## Input
───

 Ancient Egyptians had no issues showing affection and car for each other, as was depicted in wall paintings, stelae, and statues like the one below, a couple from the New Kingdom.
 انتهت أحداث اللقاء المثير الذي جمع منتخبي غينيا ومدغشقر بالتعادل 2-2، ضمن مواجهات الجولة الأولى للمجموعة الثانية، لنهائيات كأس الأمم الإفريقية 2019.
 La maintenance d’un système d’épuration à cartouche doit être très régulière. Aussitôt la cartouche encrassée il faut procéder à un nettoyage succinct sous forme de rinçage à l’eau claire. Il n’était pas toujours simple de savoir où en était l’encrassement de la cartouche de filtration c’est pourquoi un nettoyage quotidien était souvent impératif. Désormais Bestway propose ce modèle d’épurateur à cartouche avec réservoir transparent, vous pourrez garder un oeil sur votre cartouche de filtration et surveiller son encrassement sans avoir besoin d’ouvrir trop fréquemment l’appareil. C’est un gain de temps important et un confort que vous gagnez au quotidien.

───

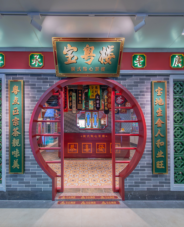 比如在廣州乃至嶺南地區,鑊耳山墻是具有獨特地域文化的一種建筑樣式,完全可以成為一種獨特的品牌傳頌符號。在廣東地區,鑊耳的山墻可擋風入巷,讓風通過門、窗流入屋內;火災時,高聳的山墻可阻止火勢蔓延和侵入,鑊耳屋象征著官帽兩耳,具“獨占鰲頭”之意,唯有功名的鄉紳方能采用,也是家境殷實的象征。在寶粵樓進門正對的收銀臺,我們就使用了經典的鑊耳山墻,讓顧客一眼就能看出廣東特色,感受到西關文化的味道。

───

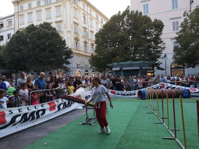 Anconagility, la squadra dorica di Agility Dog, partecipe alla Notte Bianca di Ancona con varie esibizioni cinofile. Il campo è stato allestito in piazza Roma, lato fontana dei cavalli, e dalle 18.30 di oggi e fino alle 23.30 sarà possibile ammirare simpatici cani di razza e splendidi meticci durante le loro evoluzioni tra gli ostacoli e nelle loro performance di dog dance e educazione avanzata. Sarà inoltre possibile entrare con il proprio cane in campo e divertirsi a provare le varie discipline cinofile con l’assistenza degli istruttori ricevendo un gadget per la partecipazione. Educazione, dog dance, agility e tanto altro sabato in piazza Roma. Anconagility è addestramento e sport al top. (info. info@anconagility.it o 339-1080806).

───

## Action item
In the entries above, the lines from the one bearing "Ancient Egyptians had" up to and including the one bearing "La maintenance d’un" should be transcribed exactly; no other line is wanted.

## Answer to this exercise
 Ancient Egyptians had no issues showing affection and car for each other, as was depicted in wall paintings, stelae, and statues like the one below, a couple from the New Kingdom.
 انتهت أحداث اللقاء المثير الذي جمع منتخبي غينيا ومدغشقر بالتعادل 2-2، ضمن مواجهات الجولة الأولى للمجموعة الثانية، لنهائيات كأس الأمم الإفريقية 2019.
 La maintenance d’un système d’épuration à cartouche doit être très régulière. Aussitôt la cartouche encrassée il faut procéder à un nettoyage succinct sous forme de rinçage à l’eau claire. Il n’était pas toujours simple de savoir où en était l’encrassement de la cartouche de filtration c’est pourquoi un nettoyage quotidien était souvent impératif. Désormais Bestway propose ce modèle d’épurateur à cartouche avec réservoir transparent, vous pourrez garder un oeil sur votre cartouche de filtration et surveiller son encrassement sans avoir besoin d’ouvrir trop fréquemment l’appareil. C’est un gain de temps important et un confort que vous gagnez au quotidien.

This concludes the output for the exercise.